[Qihoo] 360’s free security software has already become the biggest in China, and made-in-China products are sold in every corner of the world. China’s unique free web security business model must also go out into the world [...] Just like made-in-China, we must go out and promote China’s uniquely-innovated free antivirus business model to the world, and make [Qihoo 360] the biggest web security company in the world.
It’s a lofty goal, but is it an attainable one? That depends in part on the proposed timeline, but anytime in the near future I think Qihoo is going to face huge obstacles in any attempt to expand beyond China and perhaps the overseas Chinese diaspora. Among them:
Consumer perceptions: Qihoo doesn’t have the best reputation even within China, and many Chinese technology companies have found expanding beyond China’s borders to be incredibly difficult because of the general distrust many people have (whether that’s fair or not) towards Chinese software. Companies like Huawei and ZTE have been learning this the hard way over the past few years, and Qihoo’s product is, if anything, more likely to cause even more consternation given that security software tends to have access to large swaths of the user’s computer and communicates frequently with the company’s servers.
Whether or not Qihoo is actually using this access to do anything malicious will not matter. If there are any doubts, most people simply aren’t going to install the software. And with Chinese companies, there are always doubts. Perhaps in the long run, that could change. But I don’t see it likely to change much in the immediate future, and if the frequent stories about hacking and spyware coming from China in the Western press are any indication, it could get even worse.
Entrenched competition: Like most of China’s first-generation internet startups, Qihoo has grown and developed in parallel with China’s internet industry. But to become the biggest web security company in the world, it would have to enter — and ultimately dominate — fully developed industries with deeply entrenched competition. There are already plenty of free security suites out there, and Qihoo would face tough battles in many markets to even gain a foothold, let alone become the dominant player.
And in fact, Qihoo even lags behind its biggest domestic competitor in this regard. Baidu launched a free PC security suite aimed at Southeast Asia (starting with Thailand) earlier this year. While Qihoo has been focused on trying to take some of Baidu’s search market share in China, Baidu has been quietly laying the groundwork to beat Qihoo at its own game overseas. There are huge potential markets that are still developing in Southeast Asia where Qihoo might gain itself a foothold from which it could more easily target other international markets. But as far as I’m aware, it has thus far focused completely on China. And while it dominates the security market there, its competitors are becoming more and more entrenched overseas.
PR and legal problems: Qihoo CEO Zhong Hongyi is, to put it mildly, an opinionated guy. Working for him is apparently a nightmare. In the press, he’s been more than willing to take on competitors and stoke “wars” like the famous ‘3Q War‘. I feel quite certain that Qihoo would argue that and its other battles are its competitors’ fault, but China’s courts seem to disagree. Qihoo has lost two separate court cases in the past couple weeks. Now imagine a Qihoo that’s fighting in these “wars” on five different continents, and constantly engaged in dozens of legal battles in various court systems around the world. It would be a nightmare.
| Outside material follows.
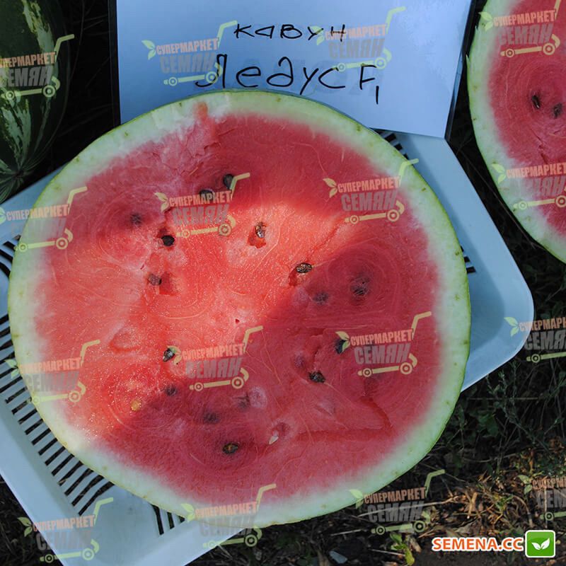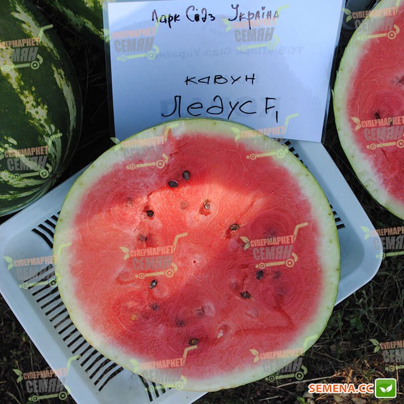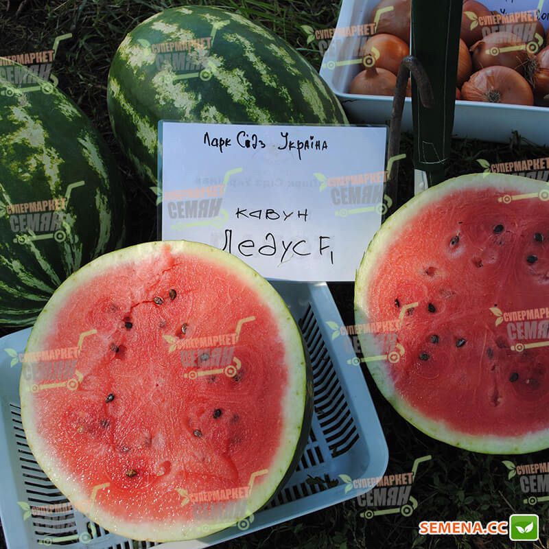 Як Ви можете подивитися фотографії вище, плоди довгасті, шкірка світло-зеленого кольору з тонкими темно-зеленими смужками, в середньому один плід важить близько 11 кг.

Moreover, Zhou’s blustery style of PR isn’t likely to win the company many supporters overseas. Last week Zhou spoke about Steve Jobs as a role model, but Jobs was the exception, not the rule, and even Jobs tended to keep his famously sharp tongue out of the public eye as much as possible. Zhou’s personal vendettas, sharp rhetoric, and microblog battles are going to turn people off in international markets where consumers are not used to seeing CEOs slinging mud in public so frequently.
And, without getting too personal, in my own experience Qihoo handles people questioning it less well than any company in China I have ever dealt with. But the sort of scrutiny an occasional Tech in Asia article puts on the company is nothing compared to the suspicion, doubt, and speculation that will be targeted at it from all corners of the globe if it attempts to expand internationally. Recently, the company has apparently hired a PR firm that has been helping arrange interviews in the Western press, but from what I’ve seen of how Qihoo’s executives respond to criticism, even a skilled PR firm isn’t going to be capable of holding them back (or undoing the damage) when the company is facing Huawei-like levels of scrutiny internationally.
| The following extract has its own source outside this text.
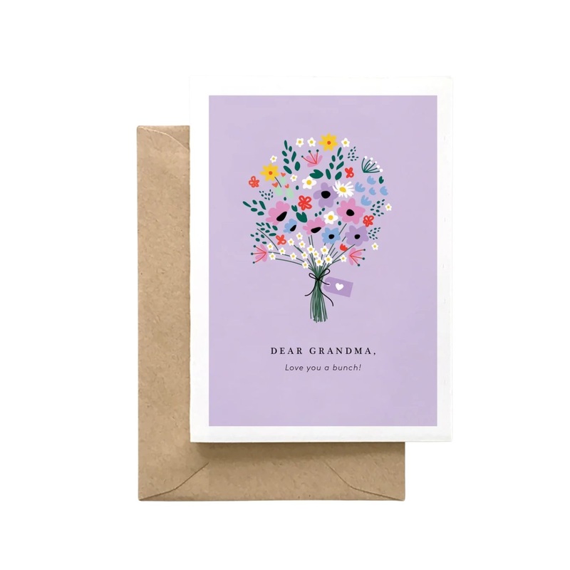 The DearGrandma, Love You a Bunch! Card by Spaghetti&Meatballs is a sweet, A6-sized greeting crafted from high-quality 100lb eggshell-finish cardstock.The clean, heartfelt design features minimalist sentiment on the front and is left blank inside, perfect for personal messages. Each card arrives with a kraft brown envelope and clear sleeve for protection.Proudly printed in the USA by the Buffalo-based sister duo behind the brand, it brings warmth, charm, and just the right touch of sass to express your love.

Zhou talks about overseas expansion and domination in the context of it being his dream, a driving force that keeps him and the team motivated to push the company forward. In that sense, it’s certainly quite valuable, but I think this is the sort of dream that’s destined to stay in Zhou’s head, at least for the foreseeable future.
(Incidentally, Zhou also talked a bit last week about the things he doesn’t plan to do, which include e-commerce and mobile phones, although Qihoo does plan to keep making mobiles with hardware partners. Previously, Zhou has also promised Qihoo won’t get into instant messaging.)